Directions.
Begin at the line containing "Once during each" in the records below, end at the line containing "Studio E - Hello", and retype each line in that span exactly. No other line and no image should appear.

##### Records to process

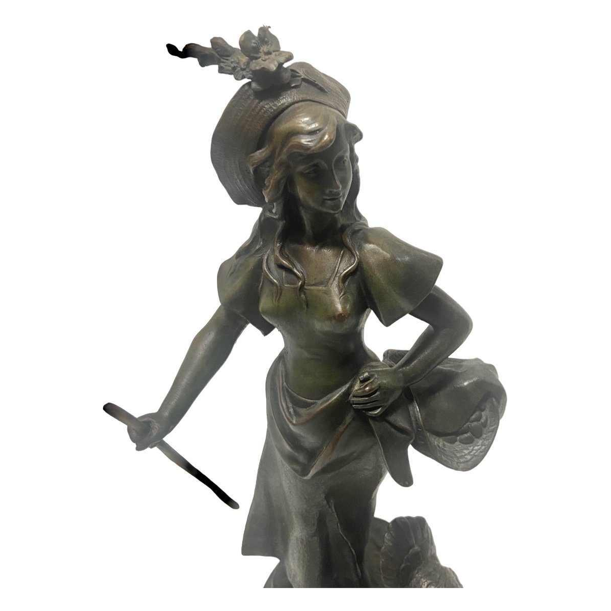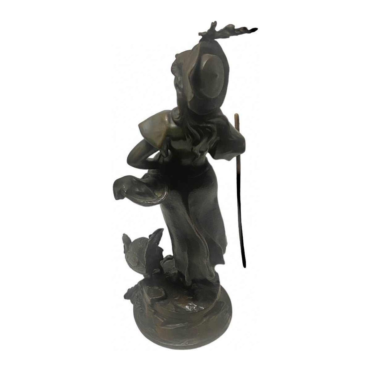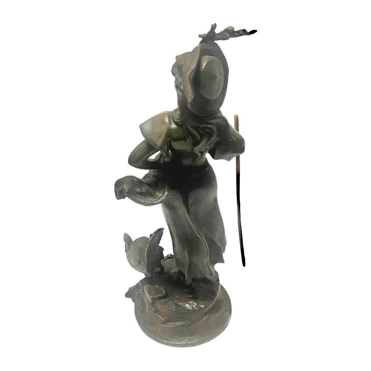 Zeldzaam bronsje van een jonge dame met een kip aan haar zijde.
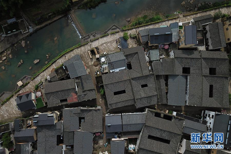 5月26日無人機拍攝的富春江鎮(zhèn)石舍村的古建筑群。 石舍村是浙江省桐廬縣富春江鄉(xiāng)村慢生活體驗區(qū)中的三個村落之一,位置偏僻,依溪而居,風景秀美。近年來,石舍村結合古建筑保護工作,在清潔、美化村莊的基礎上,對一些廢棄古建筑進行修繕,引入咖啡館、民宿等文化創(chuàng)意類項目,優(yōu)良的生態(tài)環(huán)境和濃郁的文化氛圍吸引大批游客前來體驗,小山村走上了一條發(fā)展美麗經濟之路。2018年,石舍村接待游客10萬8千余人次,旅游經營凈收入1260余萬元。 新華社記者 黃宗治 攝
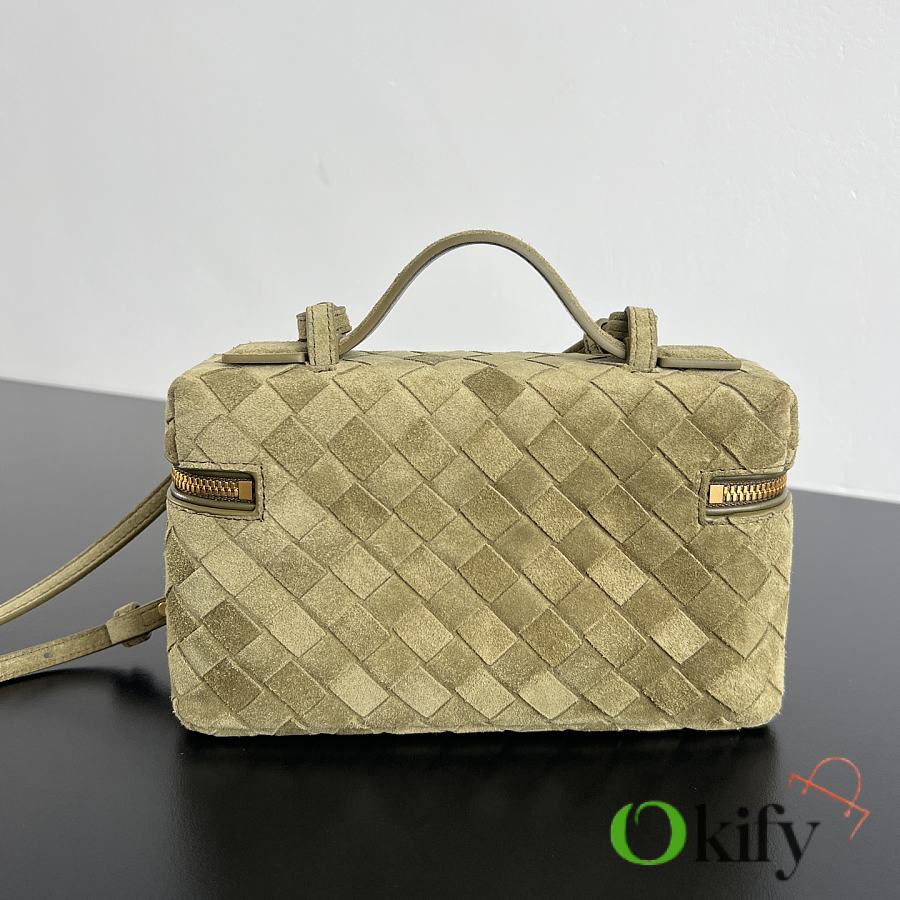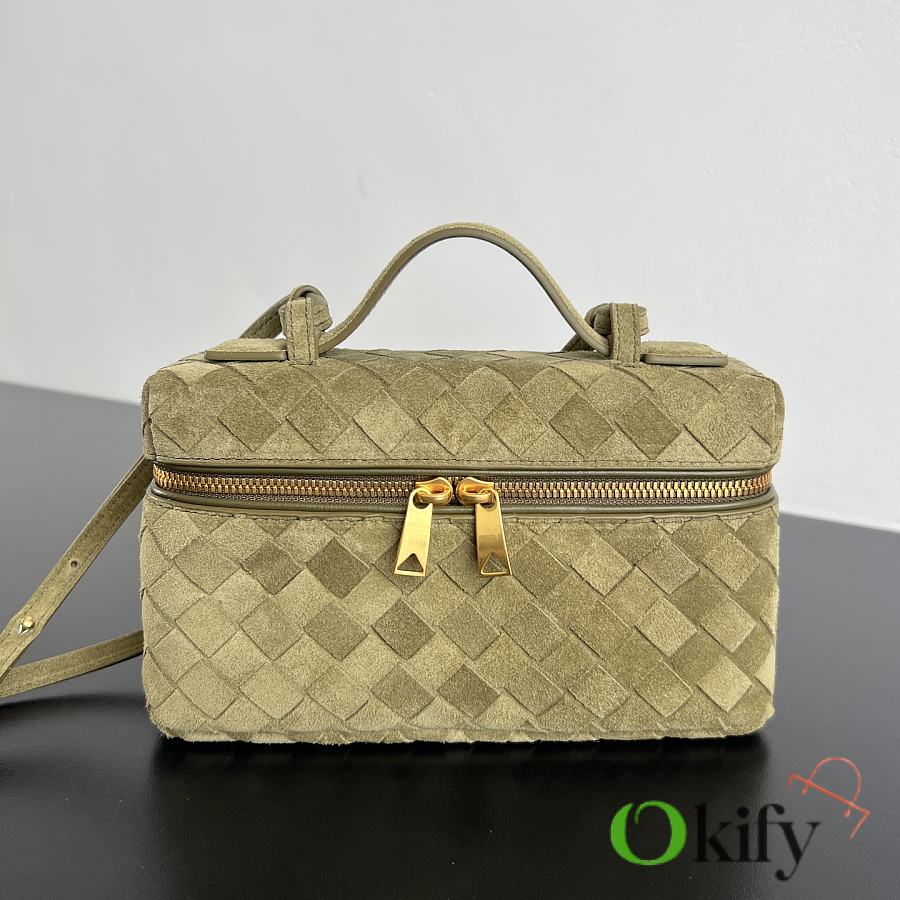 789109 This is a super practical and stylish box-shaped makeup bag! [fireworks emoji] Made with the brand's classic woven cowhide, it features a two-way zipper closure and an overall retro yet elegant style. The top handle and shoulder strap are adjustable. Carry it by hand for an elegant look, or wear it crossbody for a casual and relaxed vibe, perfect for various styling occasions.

##########
##### Records to process

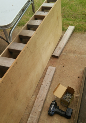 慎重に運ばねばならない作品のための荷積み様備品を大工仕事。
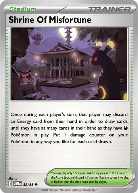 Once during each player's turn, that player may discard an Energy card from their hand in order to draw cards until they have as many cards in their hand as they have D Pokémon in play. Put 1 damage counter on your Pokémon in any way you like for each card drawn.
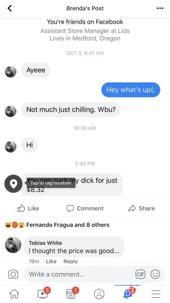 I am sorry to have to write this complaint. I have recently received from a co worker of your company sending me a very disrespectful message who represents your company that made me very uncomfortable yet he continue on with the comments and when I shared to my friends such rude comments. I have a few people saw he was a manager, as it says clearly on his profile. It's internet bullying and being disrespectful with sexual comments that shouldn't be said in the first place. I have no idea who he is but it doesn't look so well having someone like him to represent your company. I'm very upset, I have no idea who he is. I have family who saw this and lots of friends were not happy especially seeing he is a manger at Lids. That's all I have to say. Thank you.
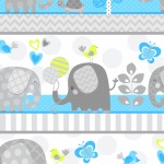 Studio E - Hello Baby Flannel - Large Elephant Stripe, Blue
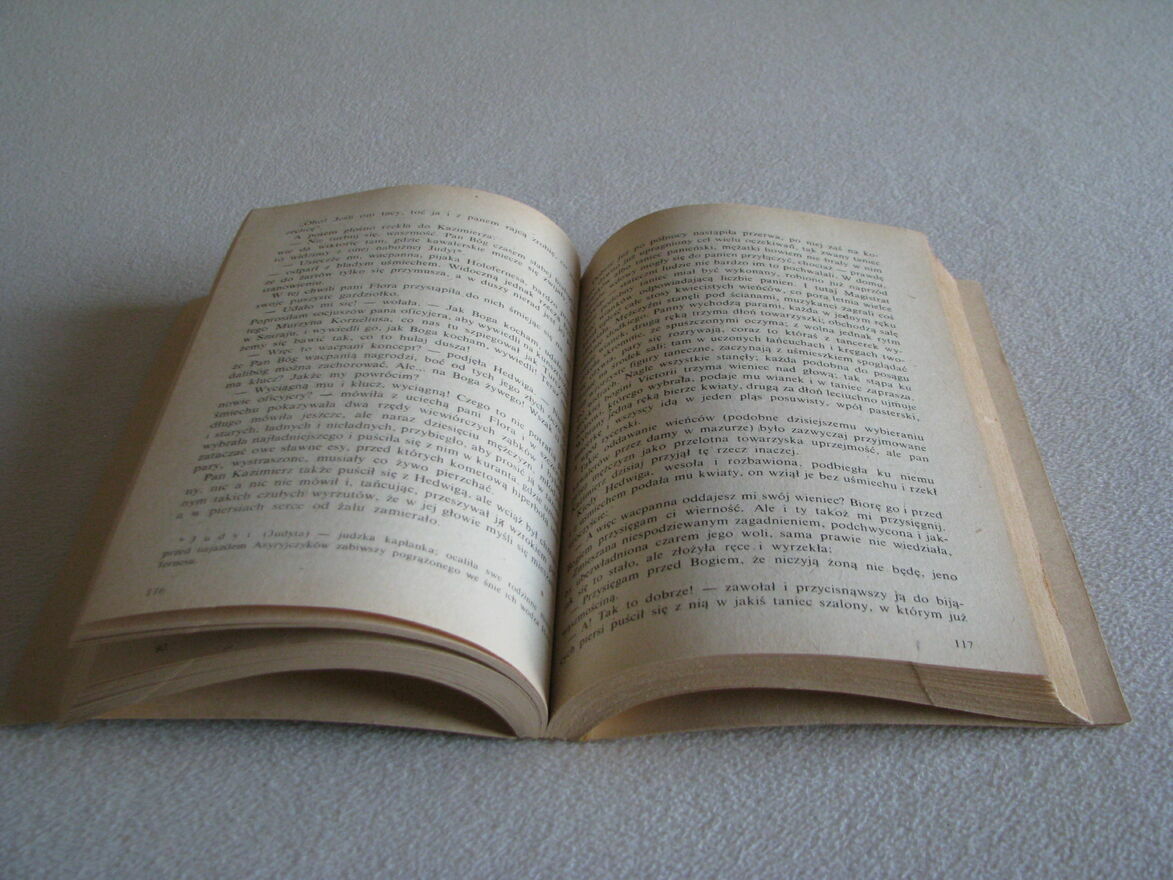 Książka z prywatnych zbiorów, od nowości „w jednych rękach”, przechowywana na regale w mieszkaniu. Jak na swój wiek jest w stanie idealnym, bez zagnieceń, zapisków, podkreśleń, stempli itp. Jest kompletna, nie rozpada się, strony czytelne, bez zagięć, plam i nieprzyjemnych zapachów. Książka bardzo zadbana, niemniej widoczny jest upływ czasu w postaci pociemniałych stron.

##########

Final answer.
 Once during each player's turn, that player may discard an Energy card from their hand in order to draw cards until they have as many cards in their hand as they have D Pokémon in play. Put 1 damage counter on your Pokémon in any way you like for each card drawn.
 I am sorry to have to write this complaint. I have recently received from a co worker of your company sending me a very disrespectful message who represents your company that made me very uncomfortable yet he continue on with the comments and when I shared to my friends such rude comments. I have a few people saw he was a manager, as it says clearly on his profile. It's internet bullying and being disrespectful with sexual comments that shouldn't be said in the first place. I have no idea who he is but it doesn't look so well having someone like him to represent your company. I'm very upset, I have no idea who he is. I have family who saw this and lots of friends were not happy especially seeing he is a manger at Lids. That's all I have to say. Thank you.
 Studio E - Hello Baby Flannel - Large Elephant Stripe, Blue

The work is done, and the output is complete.